The son of a wealthy businessman, Alexander Adolphus Dumfries Henshaw (Alex) was born at Peterborough on November 7 1912. He was educated at Lincoln Grammar School. As a boy he was fascinated by flying and by motorcycles. With financial support from his father, who thought aircraft safer than motorcycles, he learned to fly. He began lessons in 1932, at the Skegness and East Lincolnshire Aero Club. A skilled pilot, in 1937 he won the inaugural London-to-Isle of Man air race in atrocious weather. In 1938, flying a Percival Mew Gull, he won the King's Cup Air Race. He flew at an average speed of 236.25 mph, a record that still stands.

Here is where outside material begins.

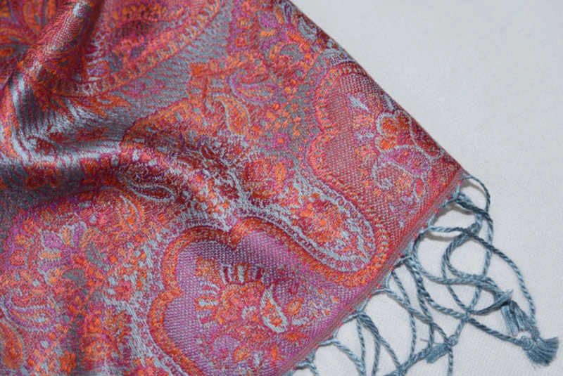 Velmi jemná luxusní hedvábná šála Jamawar v blankytně modré a oranžové barvě doplněné o fialovou a karmínově červenou s ornamenty, měnící barvy v různém odrazu světla. Rub a líc šály se liší. Na obou koncích je šála zakončena třásněmi v blankytně modré barvě.

Early in 1939 Henshaw made a record-breaking solo flight from England to Cape Town and back. However this triumph, overshadowed by the imminence of war, received no public recognition. In the census of that year his occupation was given as a fertiliser manufacturer. Alex was living with his family and his bride-to-be Barbara.

World War II:

When war broke out Alex volunteered for service with the RAF but, while waiting for his application to be processed, was invited instead to join Vickers as a test pilot. Though initially testing Wellington Bombers, he soon moved on to Spitfires and was appointed chief production test pilot for Spitfires and Lancasters. Alex oversaw a team of 25 pilots, and flew more than 2,300 Spitfires, plus other planes, testing up to 20 aircraft a day. It could be dangerous work; Henshaw suffered a number of engine failures, and on one occasion, while flying over a built-up area, crash-landed between two rows of houses. The wings of his aircraft sheared off, and the engine and propeller finished up on someone's kitchen table. Henshaw was left sitting in the small cockpit section with only minor injuries.

Successes:

Once he was asked to put on a show for the Lord Mayor of Birmingham's Spitfire Fund by flying at high speed above the city's main street. The civic dignitaries were furious when he inverted the aircraft, flying upside down over the town hall. On another occasion he barrel-rolled a four-engined Lancaster bomber, the only pilot ever to pull off this feat.
For his services during the war Henshaw was appointed MBE, though there were many who thought he deserved far more. After World War II: After the war Henshaw went to South Africa as a director of Miles Aircraft, but returned to England in 1948 and joined his family's farming and holiday business. He remained in great demand at aviation functions to the end of his life. To mark the 70th anniversary of the first flight of the Spitfire, in March 2006, the 93-year-old Henshaw flew over Southampton in a two-seater Spitfire. In 2005 he donated his papers, art collection, photographs and trophies to the RAF Museum. He wrote three books about his experiences: The Flight of the Mew Gull; Sigh for a Merlin; and Wings over the Great Divide. Alex Henshaw died on February 24 2007, his wife, Barbara (widow of Count de Chateaubrun) whom he married in 1940, predeceased him. He was survived by their son, Alexander Jr.